Similarly, policyholder counsel sought to expand article 21.55 far beyond its intended scope. Article 21.55 is a provision requiring the prompt payment of first party claims—imposing an 18 percent penalty for delays beyond the statutory guidelines. However, the article is expressly restricted to first party claims. Therefore, liability policies were not subject to Article 21.55. However, policyholder counsel argue that the duty to defend in a general liability policy is a first party obligation (even though the payments go to defense attorneys). Here too, policyholders were partially successful—until last week.

Recent history of 21.55.

Over the last two years there have been several rulings by federal and intermediate Texas appellate courts, mostly unpublished, that split on whether article 21.55 applies to a general liability policy’s duty to defend. One of those cases, Northern County Mutual Ins. Co. v. Davalos, 84 S.W.3d 314 (Tex. App.-Corpus Christi 2002, pet. granted), has been briefed and argued to the Texas Supreme Court on the 21.55 issue (though the issue is secondary in that case and the Court may or may not address the issue). In addition to Davalos, there have been several other cases, including Luxury Living Inc. v. Mid-Continent Casualty Company, 2003 WL 22116202 (S.D. Tex. Sept. 10, 2003) that have ruled on the issue, but almost without exception these cases have offered no analysis or reasoning to support their rulings.

Until now.

Just days ago, on February 11, 2004, the Dallas Court of Appeals not only issued an opinion finding, quite reasonably, that article 21.55 does not apply to a liability policy’s duty to defend, but it also, wonder of wonders, actually outlined its reasoning. The decision, which has not yet been released for publication, is TIG Ins. Co. v. Dallas Basketball Ltd., No. 05-03-00134 (Tex. App.-Dallas Feb. 11, 2004, no pet. hist.). It is the first Texas appellate court decision that has critically analyzed the contention that reimbursement of attorney’s fees after an insured is sued by a third party constitutes a first party claim under article 21.55. Even better, TIG is the best-reasoned and most persuasive analysis of the article 21.55 issue to date.

The court begins by noting, after a “close examination of the language and purpose of article 21.55,” that an insured’s “request for a defense was not a first-party claim for money to be paid directly to the insured” and that such a claim is therefore outside of the reach of article 21.55. In a well-constructed passage, the Court reasoned that:

“The entire structure of article 21.55 presumes a tangible, measurable loss suffered by the insured for which he seeks payment from the insurance company. Any attempt to apply the statute’s structure to a claim for a defense is unworkable and, based on the language of the statute, clearly unintended by the legislature. …
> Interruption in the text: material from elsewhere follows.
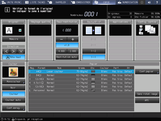 A la fin de la copie d'interruption, les réglages de la tâche précédente sont restaurés automatiquement.
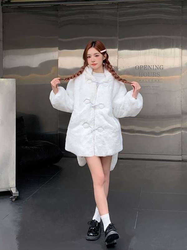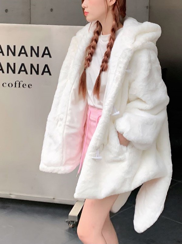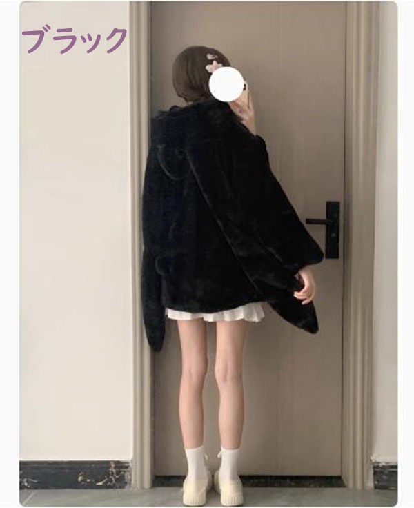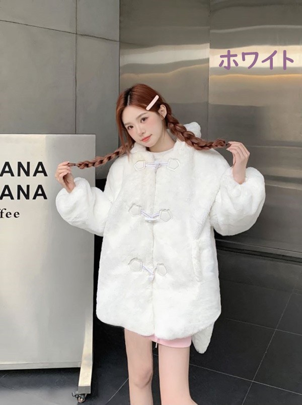 ダッフルコート アウター 兎耳 レディース もこもこ ショート丈 コート 無地 防寒 かわいい 長袖 ロリータ 前開き フード付き うさ耳 ふわふわ 冬 キュート カジュアル 体型カバー 白 黒

“A demand for a defense under a liability policy is not a claim for payment. It is a demand that the insurance company provide a legal defense to the insured as required by the policy. The insurance company is not required to send a payment to the insured, prompt or otherwise, in response to a claim for defense. …

“Next, article 21.55’s definition of the term ‘claim’ requires that the claim be a ‘first party claim … that must be paid by the insurer directly to the insured or beneficiary.’ When an insurance company provides its insured with a defense, the company then controls the defense and pays the attorneys’ fees associated with the case to the attorney engaged to represent the insured. … The insured does not receive any direct payment as required by article 21.55.” Slip Op. at 4-5 (citations omitted).

That analysis alone should be sufficient to resolve the issue, and indeed would be going into more detail than most other courts. Yet the court was just getting started and found additional support for its conclusion from § 3 of article 21.55, which establishes that the time period for payment runs from the date the insurer receives all information necessary to secure proof of the insured’s loss. At the time the insured makes his claim for a defense, he has not necessarily incurred any legal expenses or suffered any actual loss. “To equate being made the subject of a lawsuit with suffering a compensable loss would contort the statute’s plain and common meaning.” Slip Op. at 5.
Now on a roll, the court recognized that the penalty imposed on insurers who fail to comply with article 21.55 “has no meaning when applied to claims for a defense.” Section 6 of article 21.55 imposes a penalty based on “the amount of the claim.” A claim for a defense, however, has no “amount” to which the § 6 penalty can be applied “because the claim is not for payment of money but for services to be rendered.” Slip Op. at 5.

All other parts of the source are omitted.